In majority of cases, we also use a higher KV cache percentage by setting --kv_cache_free_gpu_mem_fraction 0.95 in the benchmark command. This allows us to obtain better performance than the default setting of 0.90. We fall back to 0.90 if we hit an out of memory issue.
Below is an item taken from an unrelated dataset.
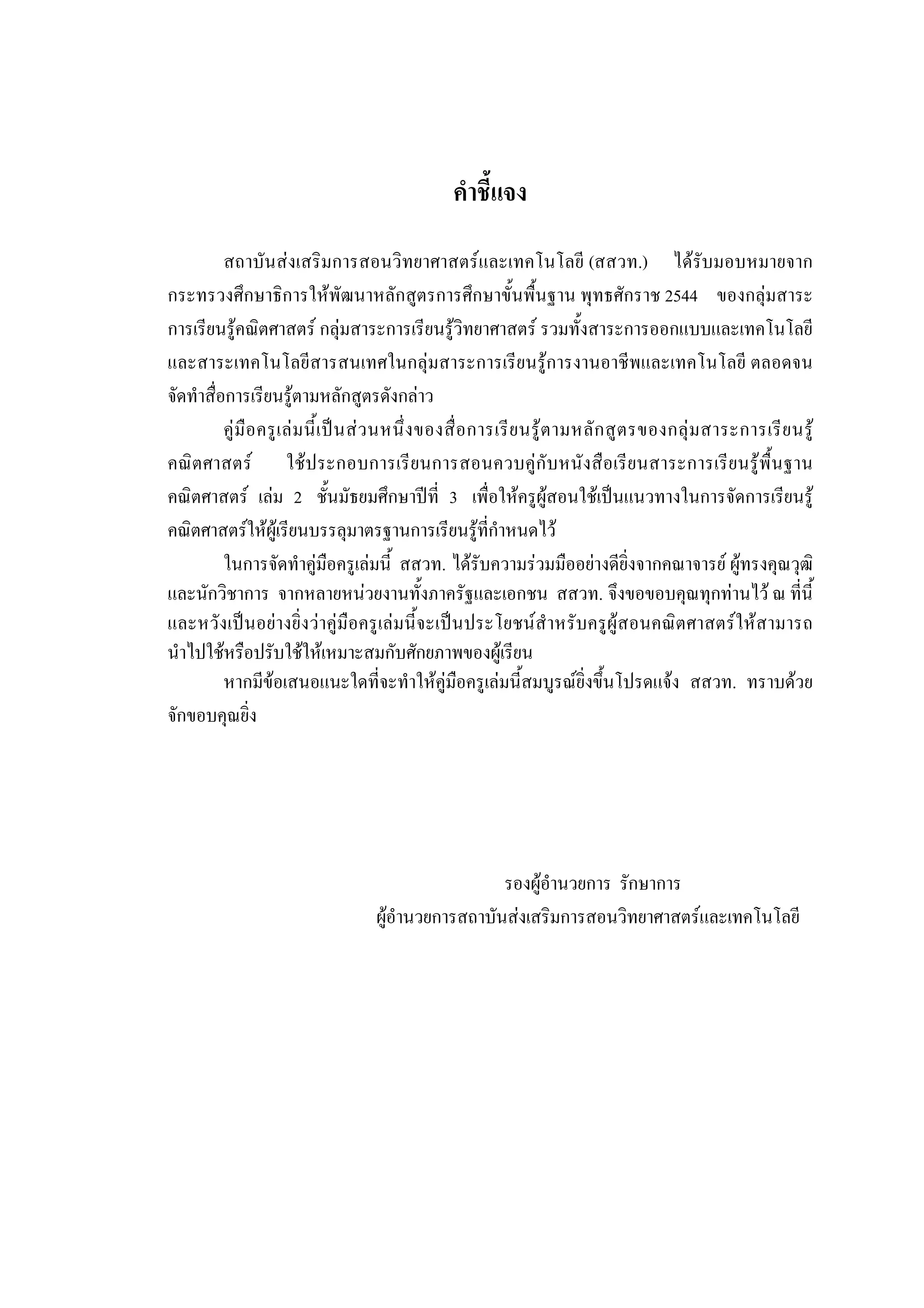 คําชี้แจง สถาบันสงเสริมการสอนวิทยาศาสตรและเทคโนโลยี (สสวท.) ไดรับมอบหมายจาก กระทรวงศึกษาธิการใหพัฒนาหลักสูตรการศึกษาขั้นพื้นฐาน

The results will be printed to the terminal upon benchmark completion. For example,

===========================================================
= PERFORMANCE OVERVIEW
===========================================================
Request Throughput (req/sec):                     43.2089
Total Output Throughput (tokens/sec):             5530.7382
Per User Output Throughput (tokens/sec/user):     2.0563
Per GPU Output Throughput (tokens/sec/gpu):       5530.7382
Total Token Throughput (tokens/sec):              94022.5497
Total Latency (ms):                               115716.9214
Average request latency (ms):                     75903.4456
Per User Output Speed [1/TPOT] (tokens/sec/user): 5.4656
Average time-to-first-token [TTFT] (ms):          52667.0339
Average time-per-output-token [TPOT] (ms):        182.9639

-- Per-Request Time-per-Output-Token [TPOT] Breakdown (ms)

[TPOT] MINIMUM: 32.8005
[TPOT] MAXIMUM: 208.4667
[TPOT] AVERAGE: 182.9639
[TPOT] P50    : 204.0463
[TPOT] P90    : 206.3863
[TPOT] P95    : 206.5064
[TPOT] P99    : 206.5821

-- Per-Request Time-to-First-Token [TTFT] Breakdown (ms)

[TTFT] MINIMUM: 3914.7621
[TTFT] MAXIMUM: 107501.2487
[TTFT] AVERAGE: 52667.0339
[TTFT] P50    : 52269.7072
[TTFT] P90    : 96583.7187
[TTFT] P95    : 101978.4566
[TTFT] P99    : 106563.4497

-- Request Latency Breakdown (ms) -----------------------

[Latency] P50    : 78509.2102
[Latency] P90    : 110804.0017
[Latency] P95    : 111302.9101
[Latency] P99    : 111618.2158
[Latency] MINIMUM: 24189.0838
[Latency] MAXIMUM: 111668.0964
[Latency] AVERAGE: 75903.4456

[!WARNING] In some cases, the benchmarker may not print anything at all. This behavior usually means that the benchmark has hit an out of memory issue. Try reducing the KV cache percentage using the --kv_cache_free_gpu_mem_fraction option to lower the percentage of used memory.